How I would love to have the problem of a mortgage to worry about! I'm still stuck renting in my 40's and am currently stuck in a cheap flat (been here nearly 10 years with no rent rises!) that the landlord id thinking of selling which is 43 miles away from work. The commute is a drain and killing the car but I cannot afford to move closer to work as the rental market has gone bonkers. Even if I manage to stay in my current place any rent rise will make the economics unaffordable and I'll be having to move back to my parent's house. That would mean giving up my job and essentially being back at square one, back to when I was 18 but with 23 fewer years to the end.
A quick (& far from exhaustive) googleshows that average earnings in the UK in 1990 were £14k (rounded up slightly) and the average house price was £57k.
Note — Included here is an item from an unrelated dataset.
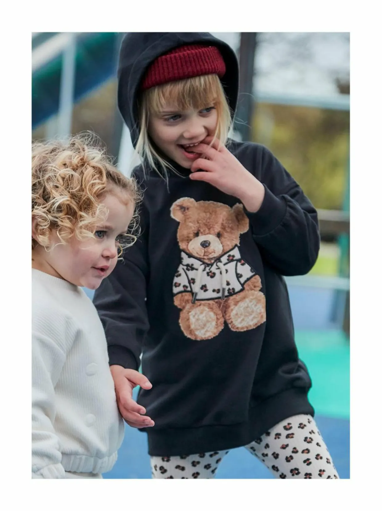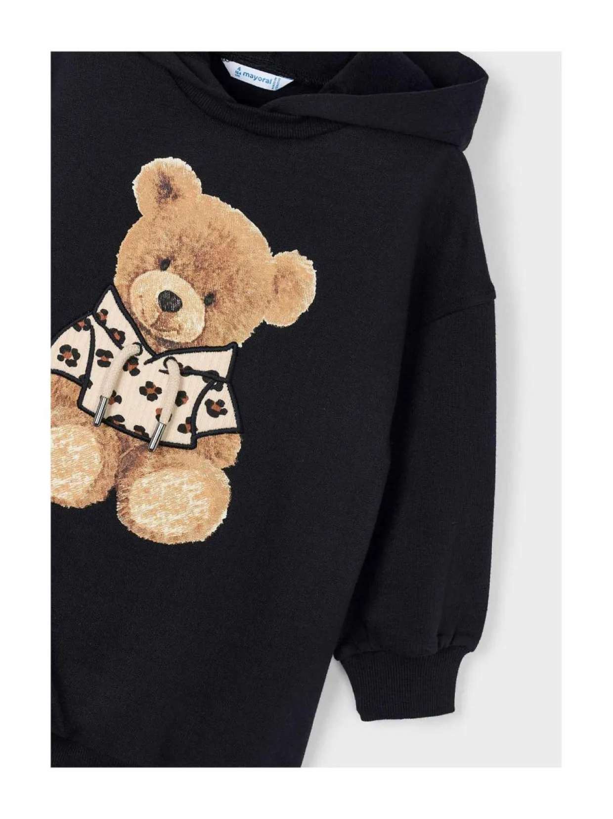 Mayoralin Fleece-hupparimekko on pehmeä ja lämmin valinta lapselle. Etupuolella on söpö painatus, joka lisää leikkisän aksentin. Mekko on suunniteltu rennoksi, tarjoten mukavan istuvuuden ja liikkumisvapauden. Sisäpinnalla oleva pehmeäksi harjattu fleece on miellyttävä ihoa vasten.

So just over 4x earnings.
Figs for Nov 22 are £33k and £295k respectively. Which is a growth of approx 2.5x on the salary and approx 5x on the house prices. So not sure where the 3x and 4x stay referenced above came from (I got involved because that seemed iffy to me).
1/ It's all in the link in the same post, which said the average disposable HOUSEHOLD income in 1990 was £12353, rather than your £14K. So to me your average earnings look high - might be pretax, is it individual, don't know? Or as the link says, there are discrepancies in some reported values because they have been inflation adusted on one side and not the other.
2/ It was 2020, not Nov 2022 as the 'now' number, because the article's a couple of years old, and of course we now house prices have continued to rise, driven partly by incentives like SD holidays, etc., but wages have stagnated.
And as I said in the earlier post - yes, the devil's in the detail and I'm sure you can find some places where average prices are >10x salary and others where it's far less. So averages start a debate but rarely answer it.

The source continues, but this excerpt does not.